What needs to be done: Print each entry verbatim.
(Beginning of Data records)
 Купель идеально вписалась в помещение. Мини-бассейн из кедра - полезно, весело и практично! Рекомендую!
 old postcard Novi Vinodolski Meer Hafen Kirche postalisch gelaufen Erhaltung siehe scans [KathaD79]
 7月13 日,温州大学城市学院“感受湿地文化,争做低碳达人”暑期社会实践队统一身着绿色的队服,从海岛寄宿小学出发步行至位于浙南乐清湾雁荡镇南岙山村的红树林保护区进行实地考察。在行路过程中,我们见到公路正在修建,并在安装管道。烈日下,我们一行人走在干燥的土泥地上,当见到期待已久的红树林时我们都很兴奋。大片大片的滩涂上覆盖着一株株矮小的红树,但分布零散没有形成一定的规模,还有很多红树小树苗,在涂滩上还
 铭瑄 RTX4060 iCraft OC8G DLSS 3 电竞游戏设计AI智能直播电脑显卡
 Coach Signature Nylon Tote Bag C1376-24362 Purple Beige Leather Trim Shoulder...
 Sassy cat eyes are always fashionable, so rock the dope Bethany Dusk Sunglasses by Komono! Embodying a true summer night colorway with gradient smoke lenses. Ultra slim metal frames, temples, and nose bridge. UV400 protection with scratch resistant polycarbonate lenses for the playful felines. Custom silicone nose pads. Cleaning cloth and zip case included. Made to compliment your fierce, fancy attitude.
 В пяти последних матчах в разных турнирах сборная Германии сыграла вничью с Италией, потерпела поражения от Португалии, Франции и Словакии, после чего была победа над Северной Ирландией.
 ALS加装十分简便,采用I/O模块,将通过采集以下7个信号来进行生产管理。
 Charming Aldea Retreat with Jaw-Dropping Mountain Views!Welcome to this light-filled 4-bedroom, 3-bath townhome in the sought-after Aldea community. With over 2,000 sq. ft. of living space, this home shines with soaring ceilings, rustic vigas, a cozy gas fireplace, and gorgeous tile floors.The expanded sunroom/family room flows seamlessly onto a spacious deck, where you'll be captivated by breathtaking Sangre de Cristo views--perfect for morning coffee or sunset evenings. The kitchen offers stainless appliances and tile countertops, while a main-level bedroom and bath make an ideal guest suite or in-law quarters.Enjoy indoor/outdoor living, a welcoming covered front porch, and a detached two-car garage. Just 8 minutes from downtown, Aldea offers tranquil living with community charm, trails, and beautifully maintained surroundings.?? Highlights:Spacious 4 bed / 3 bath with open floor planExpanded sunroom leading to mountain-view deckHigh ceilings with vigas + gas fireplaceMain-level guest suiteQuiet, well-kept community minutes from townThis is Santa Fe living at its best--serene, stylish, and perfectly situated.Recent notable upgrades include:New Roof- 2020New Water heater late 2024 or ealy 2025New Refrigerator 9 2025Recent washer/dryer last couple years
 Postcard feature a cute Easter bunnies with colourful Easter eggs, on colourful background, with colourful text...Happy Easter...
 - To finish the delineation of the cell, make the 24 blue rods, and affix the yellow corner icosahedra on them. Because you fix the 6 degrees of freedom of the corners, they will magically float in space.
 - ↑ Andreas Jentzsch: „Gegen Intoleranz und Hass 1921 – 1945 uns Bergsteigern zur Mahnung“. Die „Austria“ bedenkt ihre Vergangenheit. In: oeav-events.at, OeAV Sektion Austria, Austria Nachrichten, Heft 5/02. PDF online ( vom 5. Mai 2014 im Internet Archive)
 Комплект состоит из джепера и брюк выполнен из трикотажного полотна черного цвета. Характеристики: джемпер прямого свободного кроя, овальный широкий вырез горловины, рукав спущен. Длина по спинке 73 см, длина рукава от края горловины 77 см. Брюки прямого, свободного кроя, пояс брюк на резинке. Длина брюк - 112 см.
(End of Data records)
Exercise answer:
 Купель идеально вписалась в помещение. Мини-бассейн из кедра - полезно, весело и практично! Рекомендую!
 old postcard Novi Vinodolski Meer Hafen Kirche postalisch gelaufen Erhaltung siehe scans [KathaD79]
 7月13 日,温州大学城市学院“感受湿地文化,争做低碳达人”暑期社会实践队统一身着绿色的队服,从海岛寄宿小学出发步行至位于浙南乐清湾雁荡镇南岙山村的红树林保护区进行实地考察。在行路过程中,我们见到公路正在修建,并在安装管道。烈日下,我们一行人走在干燥的土泥地上,当见到期待已久的红树林时我们都很兴奋。大片大片的滩涂上覆盖着一株株矮小的红树,但分布零散没有形成一定的规模,还有很多红树小树苗,在涂滩上还
 铭瑄 RTX4060 iCraft OC8G DLSS 3 电竞游戏设计AI智能直播电脑显卡
 Coach Signature Nylon Tote Bag C1376-24362 Purple Beige Leather Trim Shoulder...
 Sassy cat eyes are always fashionable, so rock the dope Bethany Dusk Sunglasses by Komono! Embodying a true summer night colorway with gradient smoke lenses. Ultra slim metal frames, temples, and nose bridge. UV400 protection with scratch resistant polycarbonate lenses for the playful felines. Custom silicone nose pads. Cleaning cloth and zip case included. Made to compliment your fierce, fancy attitude.
 В пяти последних матчах в разных турнирах сборная Германии сыграла вничью с Италией, потерпела поражения от Португалии, Франции и Словакии, после чего была победа над Северной Ирландией.
 ALS加装十分简便,采用I/O模块,将通过采集以下7个信号来进行生产管理。
 Charming Aldea Retreat with Jaw-Dropping Mountain Views!Welcome to this light-filled 4-bedroom, 3-bath townhome in the sought-after Aldea community. With over 2,000 sq. ft. of living space, this home shines with soaring ceilings, rustic vigas, a cozy gas fireplace, and gorgeous tile floors.The expanded sunroom/family room flows seamlessly onto a spacious deck, where you'll be captivated by breathtaking Sangre de Cristo views--perfect for morning coffee or sunset evenings. The kitchen offers stainless appliances and tile countertops, while a main-level bedroom and bath make an ideal guest suite or in-law quarters.Enjoy indoor/outdoor living, a welcoming covered front porch, and a detached two-car garage. Just 8 minutes from downtown, Aldea offers tranquil living with community charm, trails, and beautifully maintained surroundings.?? Highlights:Spacious 4 bed / 3 bath with open floor planExpanded sunroom leading to mountain-view deckHigh ceilings with vigas + gas fireplaceMain-level guest suiteQuiet, well-kept community minutes from townThis is Santa Fe living at its best--serene, stylish, and perfectly situated.Recent notable upgrades include:New Roof- 2020New Water heater late 2024 or ealy 2025New Refrigerator 9 2025Recent washer/dryer last couple years
 Postcard feature a cute Easter bunnies with colourful Easter eggs, on colourful background, with colourful text...Happy Easter...
 - To finish the delineation of the cell, make the 24 blue rods, and affix the yellow corner icosahedra on them. Because you fix the 6 degrees of freedom of the corners, they will magically float in space.
 - ↑ Andreas Jentzsch: „Gegen Intoleranz und Hass 1921 – 1945 uns Bergsteigern zur Mahnung“. Die „Austria“ bedenkt ihre Vergangenheit. In: oeav-events.at, OeAV Sektion Austria, Austria Nachrichten, Heft 5/02. PDF online ( vom 5. Mai 2014 im Internet Archive)
 Комплект состоит из джепера и брюк выполнен из трикотажного полотна черного цвета. Характеристики: джемпер прямого свободного кроя, овальный широкий вырез горловины, рукав спущен. Длина по спинке 73 см, длина рукава от края горловины 77 см. Брюки прямого, свободного кроя, пояс брюк на резинке. Длина брюк - 112 см.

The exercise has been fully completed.